The doubts first raised by Boulliau and Tillemont in the 17th century concerning the authenticity of these acts seem justified by the conclusions of G. Van Hooff and Louis Duchesne, according to which the Acts of St. Benignus and the martyrdom of the three brothers of Langres, on which the aforesaid traditions are based, are apocryphal and copied from Cappadocian legends. Animated polemics arose among the scholars of France on the apostolate of St. Benignus.

===Langres and Dijon===
Under the Merovingians and Carolingians, most of the bishops of Langres resided at Dijon, e.g. St. Urbanus (5th century), St. Gregory, and St. Tetricus (6th century), who were buried there. When, in 1016, Lambert, Bishop of Langres, ceded the seigniory and county of Dijon to King Robert of France, the Bishops of Langres made Langres their place of residence.

===Diocese===
In 1731, Pope Clement XII made Dijon a diocese. When formed, it was composed of 164 parishes divided among seven regional deaneries. 155 of these parishes had been part of the Diocese of Langres, and 19 others had come from the Diocese of Besançon. The seven deaneries were supervised by the two archdeacons. The Abbey of Saint-Etienne of Dijon (5th century) long had a Chapter of Canons Regular who observed the Rule of St. Augustine; the Chapter was altered to one of secular canons by Pope Paul V in 1611, and Pope Clement XI made its church the cathedral of Dijon; during the Revolution the cathedral was transformed into a forage storehouse.
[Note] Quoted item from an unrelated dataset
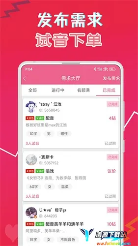 4、社交体验良好:搭建了音圈社交板块,可发布变声作品动态、关注心仪声优,设有声优排行榜;还设有需求大厅形成配音交易闭环,方便爱好者交流互动与配音交易。
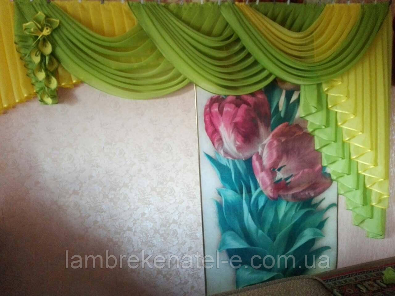 Ламбрекен Ніжність 3 метри. Жовто-салатоа кольору. Виготовлений як модифікація популярної основної моделі. Додані елементи (провіси та бантова складка). Розмір збільшений від двох до трьох метрів по карнизу. Колір — обраний за заявкою клієнта.

The former abbatial church of Saint-Bénigne became the cathedral of Dijon early in the 19th century. From the 1730s the Chapter was composed of six dignities and twelve Canons. The city of Dijon had some 30,000 inhabitants, and was divided into seven parishes. There were two colleges for the education of the young, along with eight houses of male religious, and eight monasteries of men.

===Revolution===
The diocese of Dijon was abolished during the French Revolution by the Legislative Assembly, under the Civil Constitution of the Clergy (1790). Its territory was subsumed into the new diocese, called 'Côte-d'Or ', which was part of the Metropolitanate called the 'Metropole de l'Est' (which included eight new 'départements'). The Civil Constitution mandated that bishops be elected by the citizens of each 'département', which immediately raised the most severe canonical questions, since the electors did not need to be Catholics and the approval of the Pope was not only not required, but actually forbidden. Erection of new dioceses and transfer of bishops, moreover, was not canonically within the competence of civil authorities or of the Church in France. The result was schism between the 'Constitutional Church' and the Catholic Church. The legitimate bishop of Dijon, René de Mérinville, refused to take the oath, and therefore the episcopal see was declared vacant. He was in fact one of the thirty bishops who subscribed to the Exposition des principes, sur la Constitution civile du Clergé (30 October 1790). He emigrated to Germany and took up residence at Karlsruhe.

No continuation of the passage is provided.